La finance est dans nos gênes. Nous sommes faits de la même matière que nos monnaies : la valeur. Nous éprouvons le réel et l’horizon à l’aune de nos crédits et débits. « J’achète donc je suis », « être ou ne pas être à découvert, telle est la question », « ce dont on ne peut rien dire, il faut le vendre »… Ainsi s’exprimait l’Homme de la finance, qui n’éprouve aucune retenue à recycler les aphorismes, tant que c'est gratuit.
Il ne faut pas se demander comment nous avons pu en arriver en arriver là. Les choses arrivent le plus souvent faute d’avoir rencontré un obstacle qui les devient de leur trajectoire. Par défaut, nous sommes condamnés à obéir à Galilée : le principe d’inertie pour les corps qui ne sont soumis à aucune force (indignation) particulière. Ainsi nous errons, puisque rien ne s’y oppose.
Pourtant, ce n’est pas ce qui était écrit au départ. Il y avait une attente. Presque une promesse que fit la finance à l’Homme rêvant d’un monde meilleur. Et il n’y a rien de pire que l’attente déçue, la promesse non tenue. Si la finance n’avait rien dit, on ne lui en tiendrait probablement pas rigueur. Mais quand on vend du rêve, il ne faut pas se plaindre de devoir rendre des comptes au réel.

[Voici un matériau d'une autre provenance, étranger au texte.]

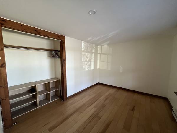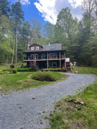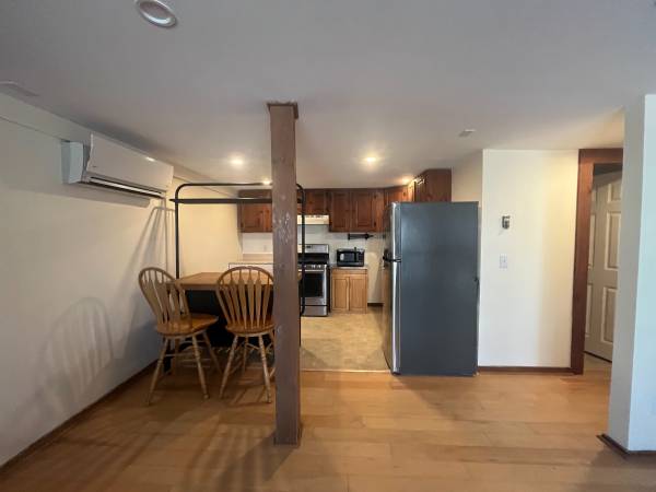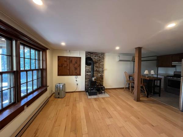 The apartment has its own entrance, covered porch, hardwood floors, a small woodstove, shower, deep bathtub and gas kitchen stove, and access to washer/dryer (shared with owner who lives upstairs). Newly installed, cold weather efficient heat pump/mini split provides heat in winter and a/c in summer. Pets welcome.

Ce que la finance aurait pu
La finance aurait pu nous rendre la vie plus facile. L’hostilité du monde semblait une forteresse imprenable, le risque sauvage tellement difficile à apprivoiser. Comment l’Homme allait – il pouvoir survivre aussi longtemps ? Résister au présent ne suffisait pas. Il fallait pouvoir imaginer demain. Dresser un inventaire des possibles, choisir parmi ceux les plus désirables, mobiliser alors les ressources nécessaires pour que chacun puisse tendre vers un monde meilleur, ou plutôt l’idée qu’il s’en faisait. Pour toutes ces raisons, la finance semblait un outil pratique, utile, efficace. La finance apparaissait comme un sas entre l’impossible et le « pourquoi pas ». Un pont entre l’idée et le projet. Voire le pont – levis de René Char permettant à des Hommes aux préférences divergentes d’imaginer un langage commun, la finance, afin de produire les conditions favorables à l’échange de bons procédés. Raté.
La finance aurait pu nous rendre la vie plus compréhensible. Les achats, les ventes, les profits, les faillites, les embauches, les licenciements, les cycles économiques, les exubérances des marchés. Toute ces faits sont – ils intelligibles ? Oui, nécessairement, pensa la finance. Car les faits qui ne sont pas intelligibles ne peuvent pas se produire. Ils sont récusés d’office par un axiome qui résume tous les autres : « si tu as le choix entre 1 pack de bières et 2 packs de bières, pour le même prix, tu choisiras toujours les 2 packs de bières ». Inutile de préciser que ce qui fonctionne pour le pack de bières, fonctionne aussi pour le paquet de cigarette, le café, le PQ. Parmi tous les faits possibles, seuls les faits rationnels devaient être observés. Comme si l’irrationnel était inhibé par la finance, bouté sur le bas côté par le bon sens de l’Homo economicus. Encore raté.
Enfin, la finance aurait pu nous rendre la vie plus stimulante. Au départ, il fut pensé que la page blanche de l’Homme de la finance était probablement le symptôme d’une profonde inspiration, devant tôt ou tard accoucher d’un chef d’œuvre. Il ne fut pas loin d’avoir le dernier mot, puisque l’Homo economicus qui jaillît alors des coups de massette du sculpteur semblait bien le délivrer d’un certain obscurantisme, comme s’il était là depuis le départ. Mais en vérité, la finance académique était juste en train de sculpter l’homo economicus à l’image de celui qu’elle imaginait, victime d’une forme d’idiotisme de métier. L’homo economicus était un peu la fleur de Mallarmé dans « Crise des vers », l’idée même de l’Homme parfait, mais absente de tous les bouquets car elle / il n’existe pas. Dès le départ on aurait dû se méfier : « l’œuvre d’art est une idée qu’on exagère », André Gide. Toujours raté.
Rater n’est pas une tare, à condition d’en tirer des leçons. La finance a beaucoup d’ambition, mais elle reste à ce jour inachevée, voire égarée. Il lui reste à « dompter par les vigueurs de la preuve les impatiences de l’intuition ». Claude Hagège.